The first version was created.

The resulting printing plate had poor halftone dot reproducibility of 10 to 85%.

Example 2 1) In the photosensitive composition of Example 1, the copolymer resin (1) was mixed with 2-hydroxy methacrylate, styrene, acrylonitrile, butyl acrylate, and acrylic acid in a molar ratio of 5.
A printing plate was prepared in the same manner as in Example 1 except that the copolymer resin of 0.10.1014.26 was changed to a resin in which glycidyl methacrylate was added to the carboxyl group.

The resulting printing plate had good halftone dot reproducibility of 2 to 98%.

The number of printed matter obtained was 21,000, which was good.

2) In the photosensitive composition of Comparative Example 1, the copolymer resin of (1) was replaced with the carboxyl copolymer resin of styrene, acrylonitrile, butyl acrylate, and acrylic acid in a molar ratio of 49.10.4.37. A printing plate was prepared in the same manner as in Example 1 except that the resin was changed to one in which glycidyl methacrylate was added to 1/2 of the groups.

The obtained printing plate had poor halftone dot reproducibility of 5 to 90%.

The number of printed matter obtained was 0.8 million.

Example 3 1) In the photosensitive composition of Example 1, the molar ratio of copolymer resin (1) to 2-hydroxyethyl methacrylate, styrene, acrylonitrile, butyl acrylate, and acrylic acid was 40.1019.4. A printing plate was prepared in the same manner as in Example 1, except that the resin was changed to a resin in which glycidyl methacrylate was added to carboxyl group 172 of the copolymer resin of .37.

The resulting printing plate had good halftone dot reproducibility of 2 to 98%.

The obtained printed matter was 30,000 copies and was in good condition.
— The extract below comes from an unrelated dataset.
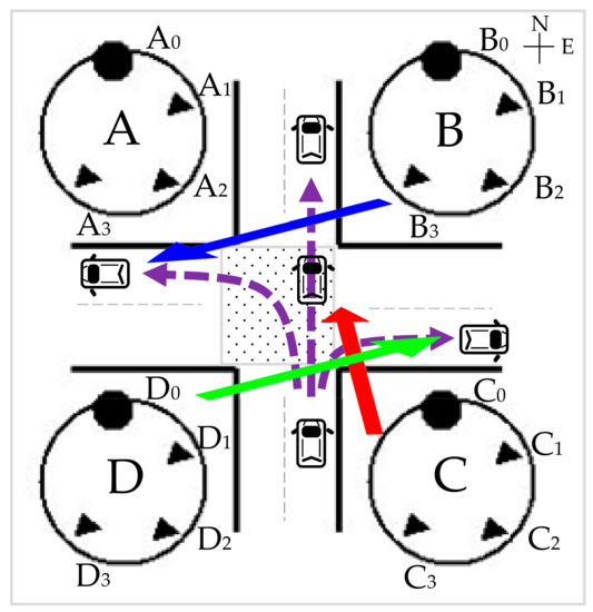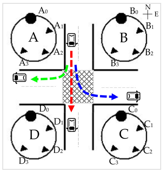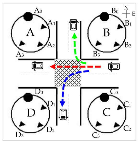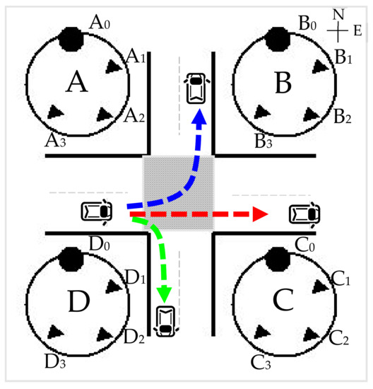 First, we analyze one object approaching from the south in Figure 2. There are three possible paths: Turning left and then proceeding west, in which case dynamic energy is consumed in cluster B while the object completes the left turn while clusters A, C, and D consume static energy; proceeding straight, causing dynamic energy consumption in cluster C, but static energy consumption in clusters A, B, and D; or the object could turn right, leading to dynamic energy consumption in cluster D, but static energy is used in cluster A–C. Table 1 summaries the energy consumption patterns for the various clusters for the three paths.
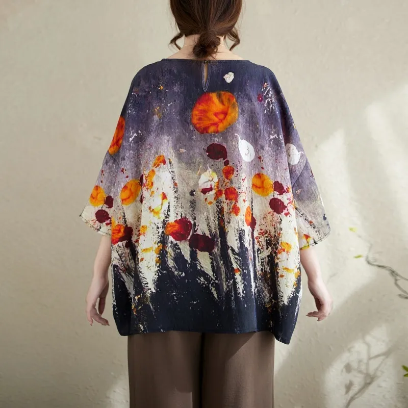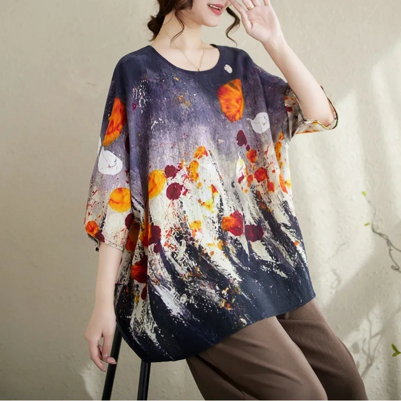 衣都精品- 新款民族風蝙蝠袖寬鬆大碼圓領上衣

[Effects of the Invention] Since the present invention contains a binder having a specific structural unit in the photosensitive layer, the resulting lithographic printing plate that does not require dampening water has excellent printing durability and good halftone reproducibility. It was good. Furthermore, the difficulty of scratching the plate surface is further improved, and therefore, an excellent printing plate without scumming on the plate surface can be obtained.

Claims (1)

[Claims] In a lithographic printing plate material that does not require dampening water and has a photosensitive layer and a fluororesin layer in that order on a support, the photosensitive layer is an addition-polymerizable unsaturated compound and a copolymer resin containing a structural unit having a hydroxyl group. A lithographic printing plate material that does not require dampening water and is characterized by containing a photopolymerization initiator and a photopolymerization initiator.